Last week, Apple discreetly tipped its cap to businesses after unleashing iOS 5 to the general public. This latest version of the iPhone and iPad operating system is chock full of critical enterprise features that went largely unnoticed during Apple’s iOS 5 launch event aimed at consumers.
Simply put, iOS 5 shows that “Apple really has been listening to businesses,” says Aaron Freimark, IT director at Tekserve, a services firm helping Fortune 1000 companies adopt the iPad.
It’s a good thing, too, as CIOs face a daunting challenge keeping up with iPads and iPhones infiltrating their companies. Apple recently claimed 92 percent of the Fortune 500 are testing or deploying the iPad.
Since Apple released iOS 5 and a new Internet storage and sharing service, called iCloud, last Wednesday, the company says more than 25 million devices now run this latest version of the operating system. More than 20 million people have signed up for iCloud.
While iOS 5’s enterprise features are welcome news for CIOs, a growing iCloud consumer service poses serious corporate security risks. Just imagine sensitive corporate documents in Apple apps such as Pages, Keynote and Numbers being backed up on Apple servers and automatically shared with other iOS devices associated with the same Apple ID.
CIO.com talked with Friemark about steps CIOs can take when using iOS 5 and iCloud.
What do you think of iOS 5 from an enterprise standpoint?
Freimark: The way the whole ecosystem of mobile device management [MDM] vendors works is that Apple gives basically a protocol for communicating with iPhones and iPads. Apple came out with this (enterprise) system in version 4.0 and upgraded with version 4.3. Now with iOS 5.0, there are more features, known as restrictions. They prevent iCloud document syncing, iCloud key-value syncing, iCloud backup. These individual switches can be turned on and off. Another one prevents Siri from working.

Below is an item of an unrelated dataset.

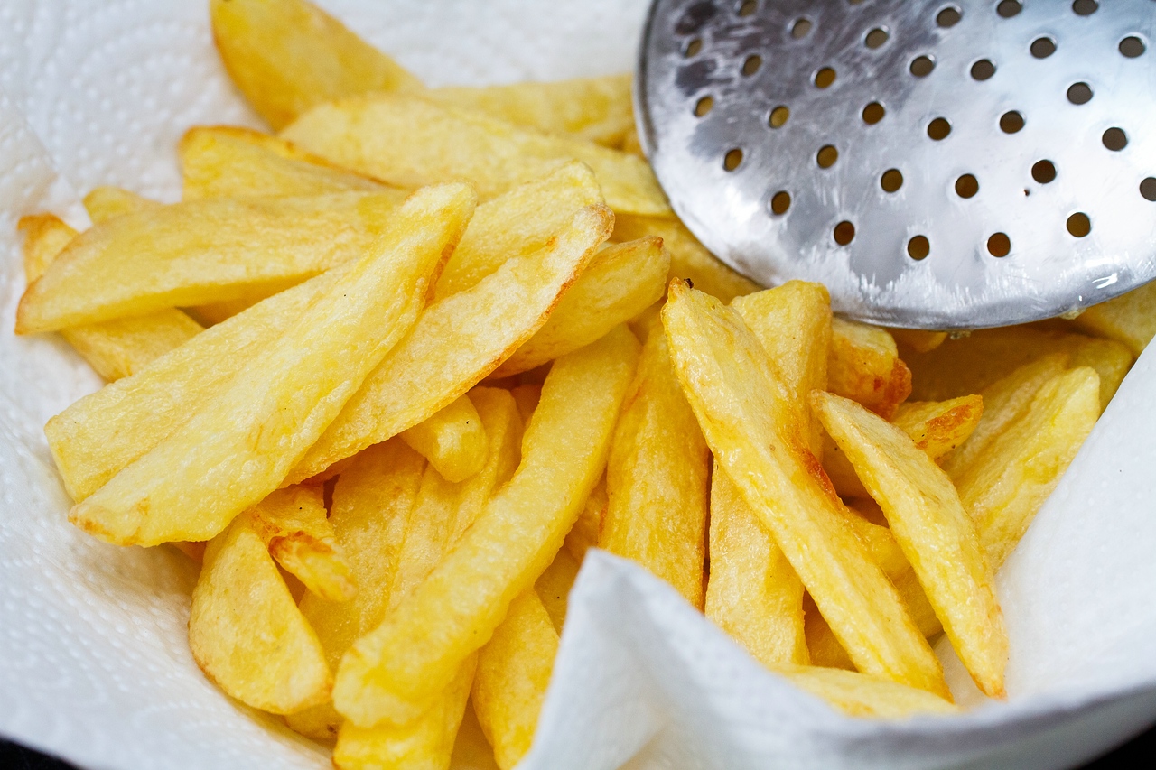 картошку перед фритюром лучше обсушить, иначе фейерверк на кухне обеспечен

Because MDM vendors are all working off of the standard Apple spec, they tend to have a lot of overlap in their offerings. Anything that goes outside of that spec really isn’t going to be interactive with that device. A lot of the vendors have upgraded in the last 24 hours [of the iOS 5 general release last week].
How can CIOs guard against the iCloud security threat?
Freimark: In the last year or two, we’ve seen a real maturity in the [consumer] cloud with Dropbox, Box.net and now iCloud. For consumers, there is really no downside and a huge upside in ease-of-use content storing and sharing. I personally love iCloud. The biggest pain is transferring files on and off, and you don’t have to do that anymore.
For CIOs, though, iCloud really becomes a balancing act. As cloud services mature, we need to keep them in sandboxes.
Does Apple support sandboxing?
Freimark: Apple has made some really excellent changes for enterprise users in iOS 5. One of the best is sandboxing email. You can set up an email account so that the user can’t forward emails, can’t change addresses, can’t use the email in other apps—all of which have been some of the biggest IT worries. So this closes a really big hole.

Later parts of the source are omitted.